La discussione non poteva quindi che partire proprio dalla situazione attuale del mercato del cloud e dai potenziali punti critici nel rapporto tra aziende e fornitori di servizi, specialmente nella relazione con i grandi player internazionali del settore.

Secondo Zunino “il rischio principale non riguarda tanto le preoccupazioni mainstream su possibili furti di informazioni e accessi non autorizzati; il problema più concreto è delegare una parte fondamentale della propria azienda a un soggetto che si muove in gran parte fuori dal perimetro fiscale e normativo nazionale”.

I provider cloud possono contare su un rapporto di forza particolarmente sbilanciato: non hanno soltanto le mani sugli strumenti di lavoro, ma possiedono anche le chiavi di accesso ai dati. Se si va allo scontro con un cloud provider, il primo passo della controparte è togliere i privilegi di accesso, creando un problema non da poco: non solo l’azienda non può può più utilizzare gli strumenti e i servizi cloud, ma non ha neppure accesso alle informazioni, con conseguenze potenzialmente devastanti sulla continuità aziendale.

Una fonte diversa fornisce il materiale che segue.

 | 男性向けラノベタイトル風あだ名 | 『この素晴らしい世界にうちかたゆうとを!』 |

Ci dice Zunino: “Il parallelo più naturale è quello con i servizi di telecomunicazione: se oggi un’azienda ha un contenzioso con una telco, anche per le motivazioni più banali (come un errore di fatturazione), può invocare l’articolo 700 del Codice di Procedura Civile e vedere così garantita tramite un procedimento d’urgenza la continuità dell’erogazione del servizio fino alla conclusione del contenzioso. Tutto questo non avviene, invece, nel caso dei servizi cloud”.

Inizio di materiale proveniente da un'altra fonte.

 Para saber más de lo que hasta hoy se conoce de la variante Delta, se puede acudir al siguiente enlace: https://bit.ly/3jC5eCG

I rapporti di forza sono tali da rendere impossibile gestire un contenzioso. Oggi il mercato non è ancora così polarizzato, ma il rischio vero per il futuro è consegnare a questi grandi provider il potere di vita o di morte sulle aziende che si affidano a loro. È una situazione molto pericolosa, specialmente perché non è governata dal sistema giuridico locale.

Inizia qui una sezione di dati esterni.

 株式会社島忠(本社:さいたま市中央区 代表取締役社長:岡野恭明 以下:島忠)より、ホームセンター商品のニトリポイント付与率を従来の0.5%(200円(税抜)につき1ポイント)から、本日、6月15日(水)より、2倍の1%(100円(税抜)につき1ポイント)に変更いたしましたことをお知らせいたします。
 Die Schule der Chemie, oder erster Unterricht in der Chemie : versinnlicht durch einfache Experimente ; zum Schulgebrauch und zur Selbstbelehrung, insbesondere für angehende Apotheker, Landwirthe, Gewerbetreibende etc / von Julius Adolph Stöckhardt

Una questione di sensibilità

Secondo l'AD di Netalia “la sovranità digitale oggi non fa vendere, è un tema sensibile in alcuni contesti ma non è un driver di vendita; nessuna azienda si sente minacciata dal pericolo di una Amazon o di una Microsoft. A prescindere dalla reale situazione e dagli eventuali pericoli nascosti. Disegnare uno scenario in cui i grandi soggetti (che già oggi hanno una capacità di influenza a livello politico e governativo molto elevata) rimangano gli unici capaci di offrire la capacità di calcolo e quindi la capacità decisionale a livello globale è inquietante."

Se questo si avvererà oppure no dipenderà da tante condizioni al contorno, certo è che la capacita di lobbying delle big tech è forte. Non è una battaglia sulle tecnologie, è una battaglia per la supremazia che oggi in Italia non è stata ben compresa.”

In altri Paesi europei l’attenzione a queste problematiche sta crescendo, ma siamo ancora indietro: l’idea è che il digitale sia qualcosa di fine a sé stesso, lontano dai sistemi industriali, sociali e politici tradizionali. Ma non è più così. Il problema è regolatorio, investe il sistema politico. Ma la politica si muove, quando si muove, sulla base dell’ultimo hype senza vedere il problema nel suo complesso. Si invoca spesso una regolamentazione a livello europeo, ma “in Europa si cerca di dare un’unità culturale a un sistema che in realtà è diversissimo. Il modello europeo ha delle frizioni interne che spesso impediscono di fare sistema”.

Secondo Zunino, inoltre, nel rimpallo tra Paese e istituzioni comunitarie si rischia di perdere di vista che “il perimetro di rischio deve equivalere al perimetro fiscale. Non è un problema di nazione o di Ue. Il perimetro non può che essere quello in si pagano le tasse, quello è l’elemento sovrano. L’interesse dev’essere quello del perimetro fiscale”.

Le domande alla politica

Proprio per queste ragioni il Consorzio Italia Cloud, nato lo scorso anno per organizzare l’offerta e le competenze già presenti sul territorio italiano e presieduto proprio da Zunino, ha presentato una lettera aperta alla vigilia delle ultime elezioni, in cui attraverso tre quesiti diretti alle principali forze politiche, chiedeva di evidenziare temi e soluzioni per far crescere aziende nazionali attive nella fornitura di servizi cloud, a salvaguardia dei dati della Pubblica Amministrazione, delle imprese e dei cittadini italiani.

Abbiamo colto l’occasione per chiedere un commento sulle risposte ottenute. Secondo Zunino “è stato positivo constatare l’interesse, perché hanno risposto tutti. Mi ha fatto piacere, perché c’è una sensibilità maggiore rispetto a quello che mi sarei aspettato; all’interesse però non fa sempre riscontro altrettanta competenza.

Questo si vede anche dal merito delle risposte, che non hanno una vera ricaduta operativa. Non mi aspettavo di più e lo ritengo comunque un buon risultato. Anche perché le risposte sono giunte dai livelli più alti delle varie forze politiche”, a dimostrazione di un reale interesse per i temi posti.

“L’obbiettivo che ci stiamo ponendo come consorzio” – ha chiuso Zunino – “è quello di creare una linea di comunicazione costante con la politica, per trasformare quella che oggi è stata semplicemente una prima presa di contatto in un tavolo di lavoro stabile, che possa aiutare a indirizzare le questioni in modo organico e sistematico. Se dovessimo riuscirci sarebbe un bel risultato”.